Bunker Hill. That other hill’s not. It’s Breed’s.” To locals like Rae, perhaps, but not to visitors or even to Google Maps. Tap in “Bunker Hill Charlestown” and you’ll be directed to...that other hill. To Philbrick,

this enduring confusion is emblematic of the Bunker Hill story. “The whole thing’s a screw-up,” he says. “The Americans fortify the wrong hill, this forces a fight no one planned, the battle itself is an ugly and

confused mess. And it ends with a British victory that’s also a defeat.” Retreating to Boston for lunch at “ye olde” Union Oyster House, Philbrick reflects more personally on

his historic exploration of the city where he was born. Though he was mostly raised in Pittsburgh, his forebears were among the first English settlers of the Boston area in the 1630s. One Philbrick served in

the Revolution. As a championship sailor, Philbrick competed on the Charles River in college and later moved to Boston. He still has an apartment there, but mostly lives on the echt-Yankee island of

Nantucket, the setting for his book about whaling, In the Heart of the Sea. Philbrick, however, considers himself a “deracinated WASP” and doesn’t believe genealogy or flag-

waving should cloud our view of history. “I don’t subscribe to the idea that the founders or anyone else were somehow better than us and that we have to live up to their example.” He also feels the

hated British troops in Boston deserve reappraisal. “They’re an occupying army, locals despise them, and they don’t want to be there,” he says. “As Americans we’ve now been in that position in Iraq and can appreciate the British dilemma in a way that wasn’t easy before.”

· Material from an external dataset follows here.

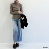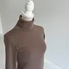 【日本製】丸胴コットンフライス_タートルネック長袖 モカ 1-2サイズ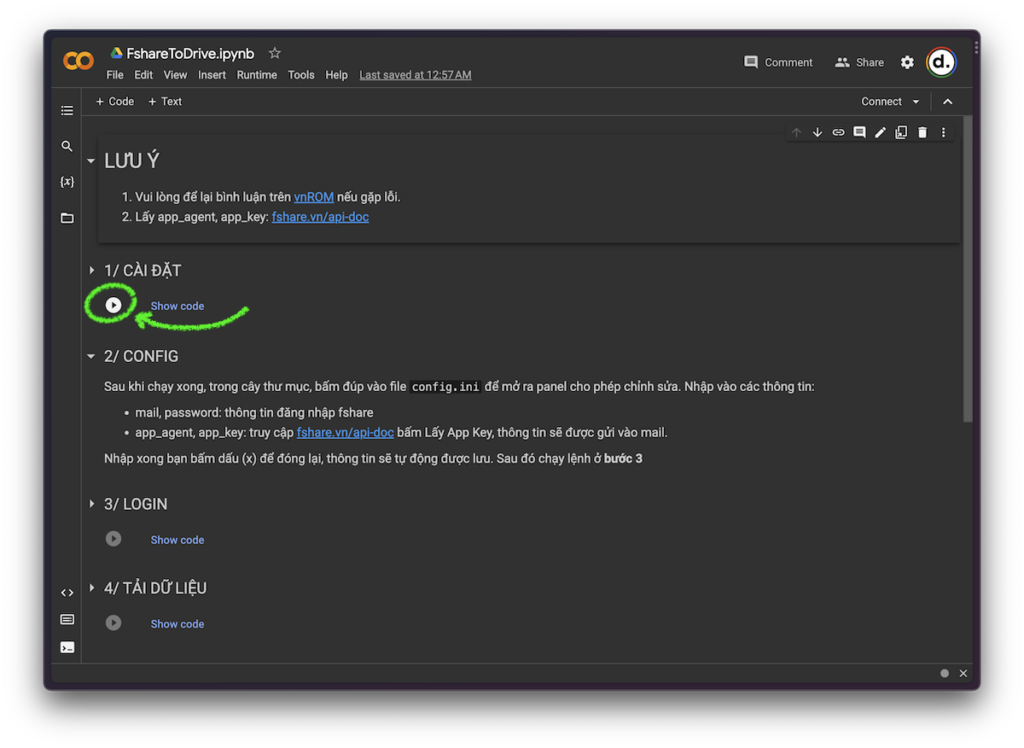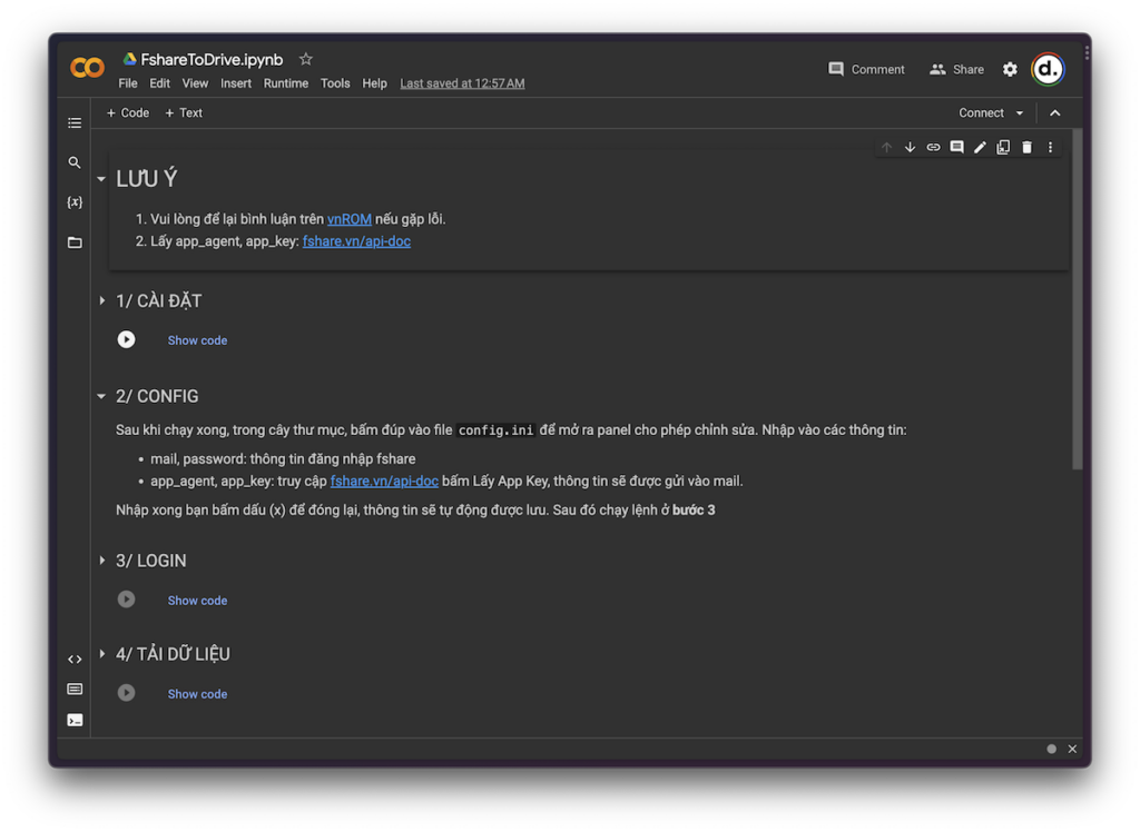 Chúng ta sẽ sử dụng Colab, vì Colab thông với Google Drive, dữ liệu về đó thì sẽ về Drive trong nốt nhạc. Mình đã tạo sẵn một sổ tay trên Google Colab, ae truy cập vào đây nhé: romhub.me/fsharetodrive

But Philbrick also came away from his research with a powerful sense of the Revolution’s significance.

While visiting archives in England, he called on Lord Gage, a direct descendant of Gen. Thomas Gage, overall commander of the British military at the Bunker Hill battle. The Gage family’s Tudor-era

estate has 300 acres of private gardens and a chateau-style manor filled with suits of armor and paintings by Gainsborough, Raphael and Van Dyck.

“We had sherry and he could not have been more courteous,” Philbrick says of Lord Gage. “But it was a reminder of the British class system and how much the Revolution changed our history. As

countries, we’ve gone on different paths since his ancestor sent redcoats up that hill.”